Im kommenden Schuljahr 2013/14 werden am Störck-Gymnasium in Klasse 5 drei G9-Klassen gebildet.
Am Montag dieser Woche ist das Klassenbildungsverfahren abgeschlossen worden. Insgesamt wurden 86 Schülerinnen und Schüler am Störck-Gymnasium für das kommende Schuljahr angemeldet. Eine geplante Parallelität von G8- und G9-Zügen, wie es der Schulversuch vorsieht, ist aufgrund der Anmeldezahlen in diesem Jahr am Störck-Gymnasium nicht umsetzbar gewesen, da für einen G8-Zug zu wenige Anmeldungen vorhanden waren. Eine Klasse kann nach dem Schulgesetz ab 16 Schülerinnen und Schülern gebildet werden. Im Vorjahr wurden eine G8 und zwei G9 Klassen am Störck eingerichtet. Nach der Aufhebung der verbindlichen Grundschulempfehlung entscheiden die Eltern eigenverantwortlich, an welcher Schule und in welchem Zug sie ihr Kind anmelden. Auf einem Informationsabend des Störck-Gymnasiums in der vergangenen Woche wurden die Eltern nochmals ausführlich durch die Schulleitung des Störck-Gymnasiums über Möglichkeiten und Rahmenbedingungen der bevorstehenden Klassenbildung informiert.
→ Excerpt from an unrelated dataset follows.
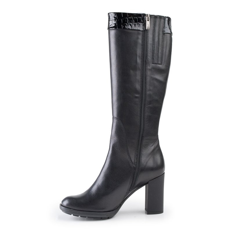 Descoperiți eleganța și confortul într-unul - cizme negre de la Marco Shoes, care încântă nu numai prin stil, ci și prin calitatea manoperei. Fabricate din piele naturală integrală, aceste cizme protejează perfect împotriva frigului, asigurând în același timp confort în zilele mai reci. O aplicație subtilă de piele de șarpe le adaugă un caracter unic, potrivindu-se perfect cu cele mai recente tendințe de modă.

Die Klassenbildung muss bei diesem Schulversuch jedes Jahr neu je nach Anmeldezahl für G8 oder G9 festgelegt werden. „Die Eltern der neuen Fünftklässler haben nun durch Ihre Anmeldung, die Sie sicherlich nach reiflicher Überlegung verantwortlich getroffen haben, die Klassenbildung der neuen Fünftklässler für das Schuljahr 2013/14 entschieden“, berichtet der Schulleiter des Störck-Gymnasiums Herr Oßwald. „Wir werden uns in den kommenden Jahren weiterhin für den Fortbestand der Parallelität von G8 und G9 einsetzen, weil wir davon überzeugt sind, dass beide Wege zum Abitur ihre Berechtigung haben“, so Oßwald weiter.
Von den 44 teilnehmenden Gymnasien am Schulversuch in Baden-Württemberg können nach den Anmeldezahlen derzeit nur zwölf Schulen G8-Züge parallel zu den G9-Zügen anbieten. Alle anderen Gymnasien des Schulversuchs bieten nur noch G9-Züge an.